## Friday, July 6, 2018

### Find peaks in data

This week, we will talk about how to identify the peaks from a time series. For example, the 2nd figure below. How do we find out all the location of the peaks? let's play with the coastal water level data from NOAA. You can choose the station you like. I choose the one at San Francisco, station - 9414290, the latitude and longitude of this station are 37.806331634, -122.465919494, you can see the station location on the following map:
I just downloaded the first 12 days in 2018, you can also quickly download this data from my repo here. You can find the notebook on Qingkai's Github written in Python3.
Let's first plot the time series data for the water level at this location.
import matplotlib.pyplot as plt
import pandas as pd
plt.style.use('seaborn-poster')

%matplotlib inline
df_water_level = pd.read_csv('./data/9414290_20180101to20181231.csv', skiprows = 10, delimiter='\t', names=['datetime', 'water_level'])
df_water_level['datetime'] = pd.to_datetime(df_water_level['datetime'])
df_water_level = df_water_level.set_index('datetime')
plt.figure(figsize = (14, 8))
plt.plot_date(df_water_level.index, df_water_level.water_level, 'b-', linewidth = 2)
plt.xlabel('Datetime')
plt.ylabel('Water level (m)')
plt.show()

## Let's find the peak

Since version 1.1.0, scipy added in the new function find_peaks that gives you an easy way to find peaks from a data series. It has various arguments that you can control how you want to identify the peaks. You can find more details and more advanced examples here. The two arguments I found really useful and easy to use is the height and distance. The height argument is the required height of peaks. And the distance is the required minimal horizontal distance in samples between neighboring peaks. Let's use see more in the following example
import scipy.signal
Here, we can see from the figure that all the positive peaks are roughly higher than 2.5, therefore, we set height = 2.5, which means that it will detect the peaks that higher than 2.5. Then for the distance parameter, I usually play with different numbers and see which one gives me the best result, for this case, I found distance = 500 is fine.
# find all the peaks that associated with the positive peaks
peaks_positive, _ = scipy.signal.find_peaks(df_water_level.water_level, height = 2.5, threshold = None, distance=500)
plt.figure(figsize = (14, 8))
plt.plot_date(df_water_level.index, df_water_level.water_level, 'b-', linewidth = 2)

plt.plot_date(df_water_level.index[peaks_positive], df_water_level.water_level[peaks_positive], 'ro', label = 'positive peaks')

plt.xlabel('Datetime')
plt.ylabel('Water level (m)')
plt.legend(loc = 4)
plt.show()
One thing is that, this find_peaks function can only detect the 'real' peaks, but not the troughs.
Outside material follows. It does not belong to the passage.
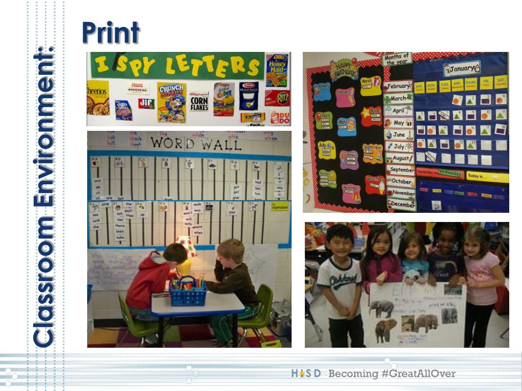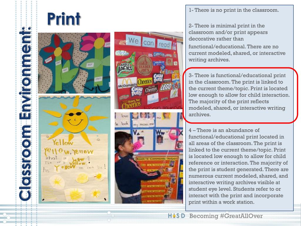 Print Classroom Environment: 1- There is no print in the classroom. 2- There is minimal print in the classroom and/or print appears decorative rather than functional/educational. There are no current modeled, shared, or interactive writing archives. 3- There is functional/educational print in the classroom. The print is linked to the current theme/topic. Print is located low enough to allow for child interaction. The majority of the print reflects modeled, shared, or interactive writing archives. 4 – There is an abundance of functional/educational print located in all areas of the classroom. The print is linked to the current theme/topic. Print is located low enough to allow for child reference or interaction. The majority of the print is student generated. There are numerous current modeled, shared, and interactive writing archives visible at student eye level. Students refer to or interact with the print and incorporate print within a work station.

You can see none of the troughs in the above figure were identified. One simple solution is that, we flip the data so that all the troughs become peaks. And now we could identify all the peaks and troughs.
# find all the peaks that associated with the negative peaks
peaks_negative, _ = scipy.signal.find_peaks(-df_water_level.water_level, height = -3, threshold = None, distance=500)
plt.figure(figsize = (14, 8))
plt.plot_date(df_water_level.index, df_water_level.water_level, 'b-', linewidth = 2)

plt.plot_date(df_water_level.index[peaks_positive], df_water_level.water_level[peaks_positive], 'ro', label = 'positive peaks')
plt.plot_date(df_water_level.index[peaks_negative], df_water_level.water_level[peaks_negative], 'go', label = 'negative peaks')

plt.xlabel('Datetime')
plt.ylabel('Water level (m)')
plt.legend(loc = 4)
plt.show()
Of course, there are various arguments that we could use to filter out the unwanted peaks, see the documentation for more details.